The issue is more complicated in travel than in many other sectors because a single transaction can span airlines, hotels, booking intermediaries, payment providers and support teams. Evidence needed to contest a dispute may sit across reservation platforms, customer service records, property systems and payment gateways.
"What's changing is that consumers are increasingly viewing chargebacks as an instant fix rather than a last-resort fraud protection mechanism," Eaton said.
"When travelers are facing higher costs, they're often less willing to absorb losses tied to a disrupted trip or disappointing experience. In many cases, they're going directly to their bank for an immediate refund instead of working through the merchant's resolution process first," she added.
Data challenge
Chargebacks911 said travel providers should focus on clearer communication of refund and cancellation terms, better record-keeping and faster customer support to reduce the number of disputes reaching banks. It also advised firms to monitor reason codes and complaint patterns to identify operational problems behind repeat disputes.
For larger organisations, fragmented data is a central obstacle, the company argued. If booking details, payment records, fulfilment information, and customer communications are stored in separate systems, merchants may struggle to build a response when a chargeback arrives.
Craig McClure, Director of Relationship Management at Chargebacks911, said the sector's difficulty lies less in the volume of disputes than in the information needed to handle them.
"Travel merchants don't have a dispute problem. They have a data problem," McClure said.

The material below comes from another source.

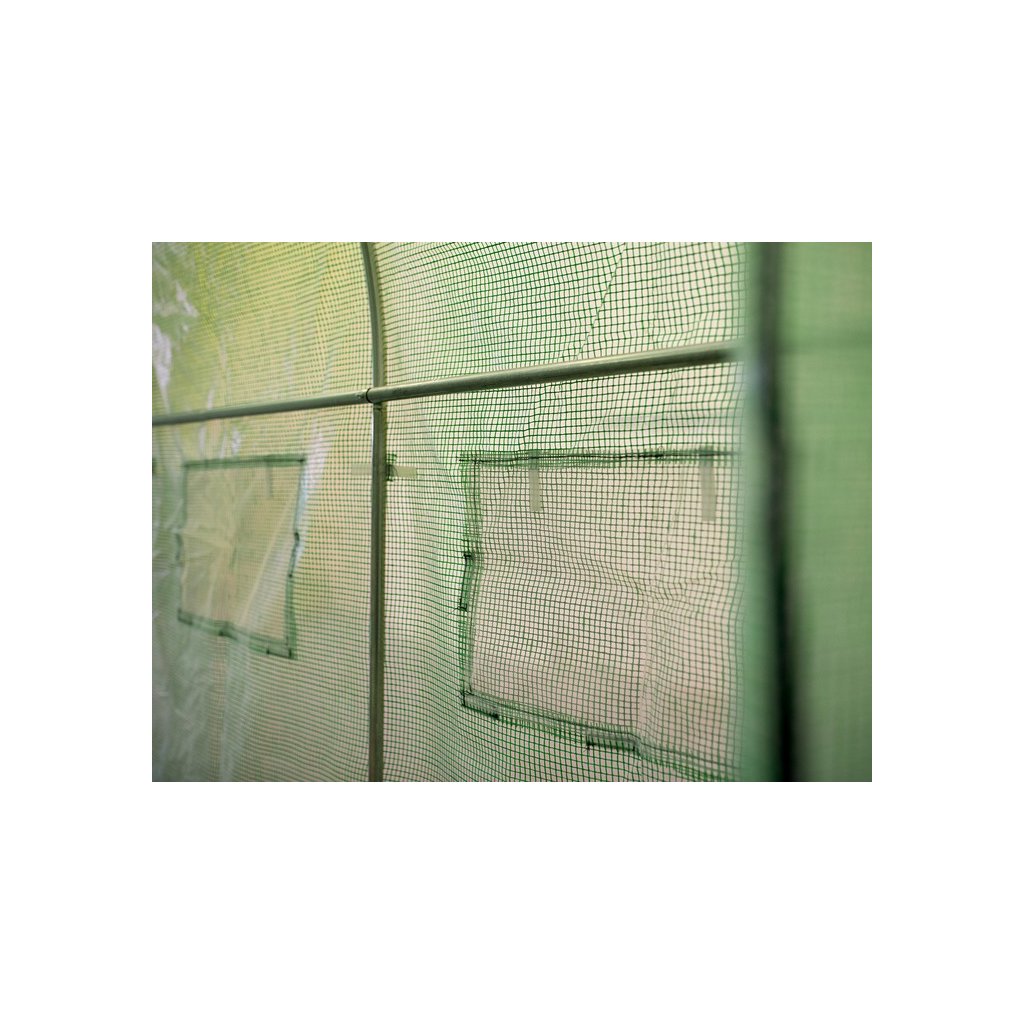 Prekrytie záhradného tunela je nielen praktickou ochranou, ale aj estetickým doplnkom. Priehľadná fólia so zelenou jemnou mriežkou dokonale zapadne do priestoru záhrady a zároveň rastlinám poskytne to správne množstvo svetla. Okná vybavené moskytiérou zaručujú stály prístup čerstvého vzduchu, ktorý je pre rast rastlín kľúčový.

"When booking information, customer communications, payment records, fulfillment data and dispute information live in separate systems, it becomes extremely difficult to understand what's driving disputes. We took into account a lot of pain points and concerns from the travel industry when we launched our Unified Dispute Management System, which connects that data into a single source of truth, allowing merchants to identify risks earlier, strengthen representment efforts and make smarter operational decisions," he said.